* **Activity**: Aim for an exact copy of the listing, without any images.

* **Data section**:
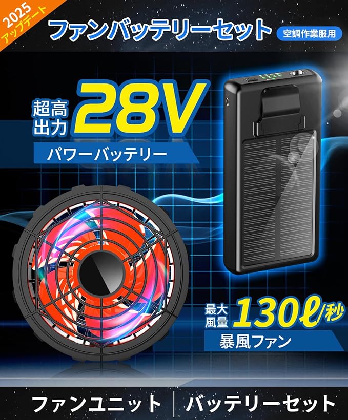 ファン . セット28V超高出力 30000mAh大容量 5段階風量調 暴風 ソーラーパネル搭載 . 空調ファン 日本製ブラシレスモーター 90mm服穴径対応 急速充電器付き ベスト用 空調作業服用 PSE認証済 猛暑対策 | oioioichan
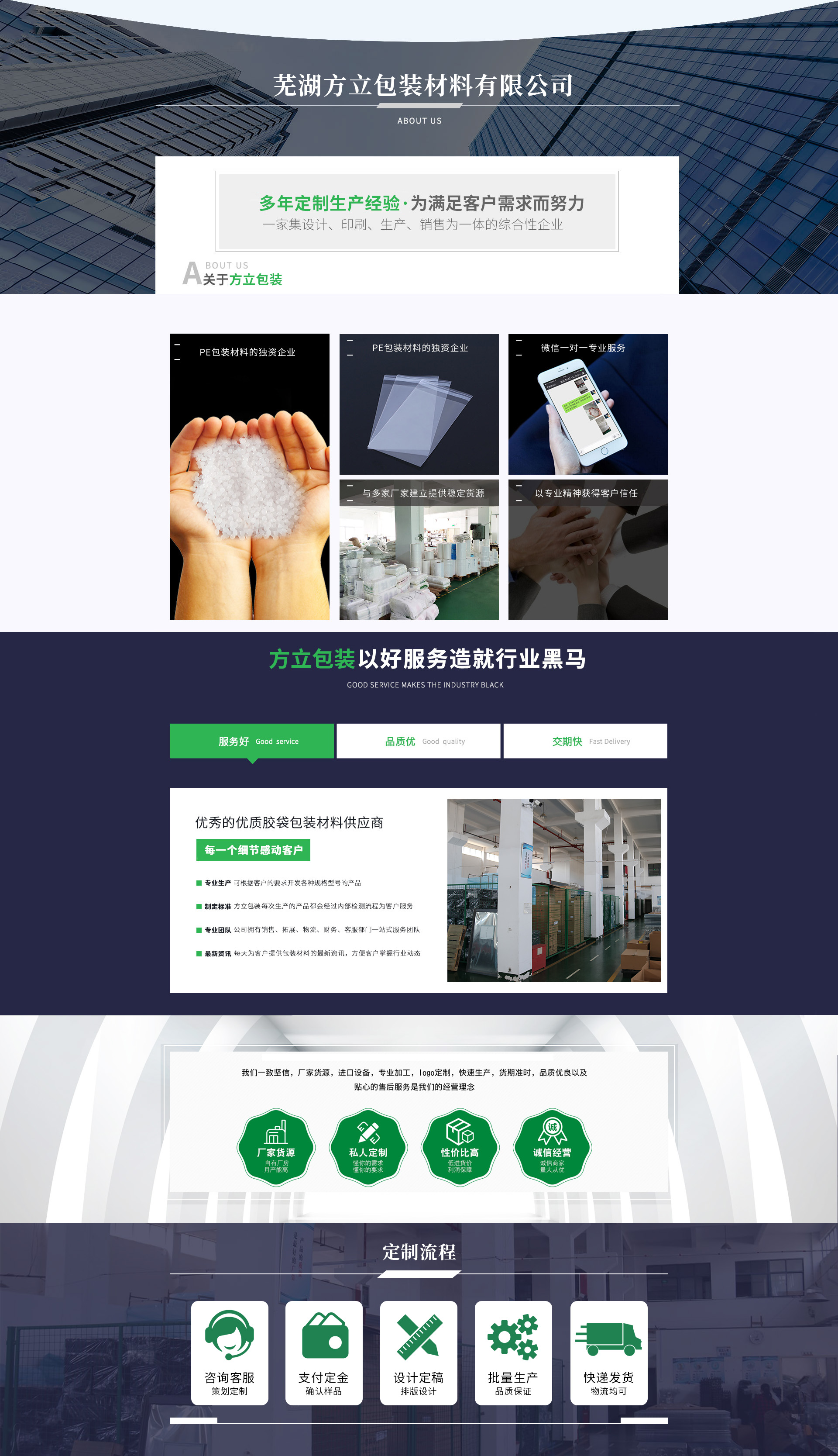 蕪湖方立包裝材料有限公司是一家生產包裝產品的企業,多年來一直致力于汽車配件、電子電器、化妝品、食品、工藝品、玩具、日用品、文體用品、五金工具等行業的包裝產品研發、定制、生產、服務。產品類型包括各類材質的吸塑包裝、EPE珍珠棉包裝、紙質包裝、PE拉伸膜、PE袋、氣泡袋、塑膠制品等包裝產品。產品銷往國內多個城市,深受客戶好評。公司現有多臺生產設備及過硬的技術人員團隊為廣大客戶提供優良的產品和完善的服務。公司始終以“質量...
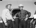 Camp Brownwood's W. O. Finley of Spur, Texas, in charge of the gates, and H. L. Dorman, Big Spring, Texas, right, chief of guards. These two mean head a force of more than 70 armed ex-peace officers who patrol the camp day and night.
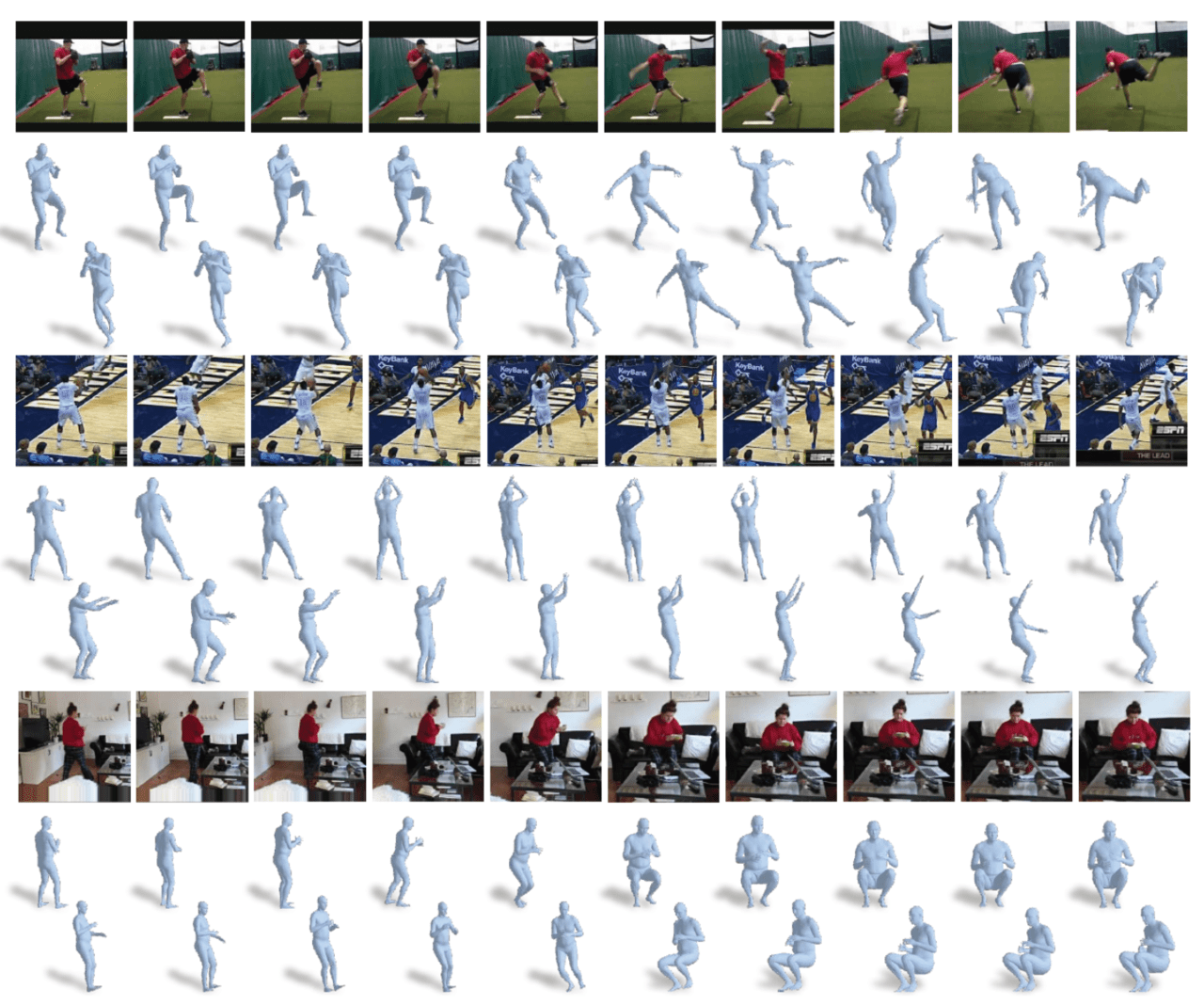 이번 연구의 목적은 한마디로 표현하면 '스틸 이미지 속 인물의 3차원 모션을 복원하는 것'입니다. 구체적으로는 그림 1과 같이 비디오 중 어느 시점 프레임에서 과거, 현재, 미래의 일련의 동작을 복원합니다. 저자는 이 도전적인 목표를 달성하기 위해 ResNet을 바탕으로 한 모델을 구축하고 제안했습니다.

* **Response below**:
 ファン . セット28V超高出力 30000mAh大容量 5段階風量調 暴風 ソーラーパネル搭載 . 空調ファン 日本製ブラシレスモーター 90mm服穴径対応 急速充電器付き ベスト用 空調作業服用 PSE認証済 猛暑対策 | oioioichan
 蕪湖方立包裝材料有限公司是一家生產包裝產品的企業,多年來一直致力于汽車配件、電子電器、化妝品、食品、工藝品、玩具、日用品、文體用品、五金工具等行業的包裝產品研發、定制、生產、服務。產品類型包括各類材質的吸塑包裝、EPE珍珠棉包裝、紙質包裝、PE拉伸膜、PE袋、氣泡袋、塑膠制品等包裝產品。產品銷往國內多個城市,深受客戶好評。公司現有多臺生產設備及過硬的技術人員團隊為廣大客戶提供優良的產品和完善的服務。公司始終以“質量...
 Camp Brownwood's W. O. Finley of Spur, Texas, in charge of the gates, and H. L. Dorman, Big Spring, Texas, right, chief of guards. These two mean head a force of more than 70 armed ex-peace officers who patrol the camp day and night.
 이번 연구의 목적은 한마디로 표현하면 '스틸 이미지 속 인물의 3차원 모션을 복원하는 것'입니다. 구체적으로는 그림 1과 같이 비디오 중 어느 시점 프레임에서 과거, 현재, 미래의 일련의 동작을 복원합니다. 저자는 이 도전적인 목표를 달성하기 위해 ResNet을 바탕으로 한 모델을 구축하고 제안했습니다.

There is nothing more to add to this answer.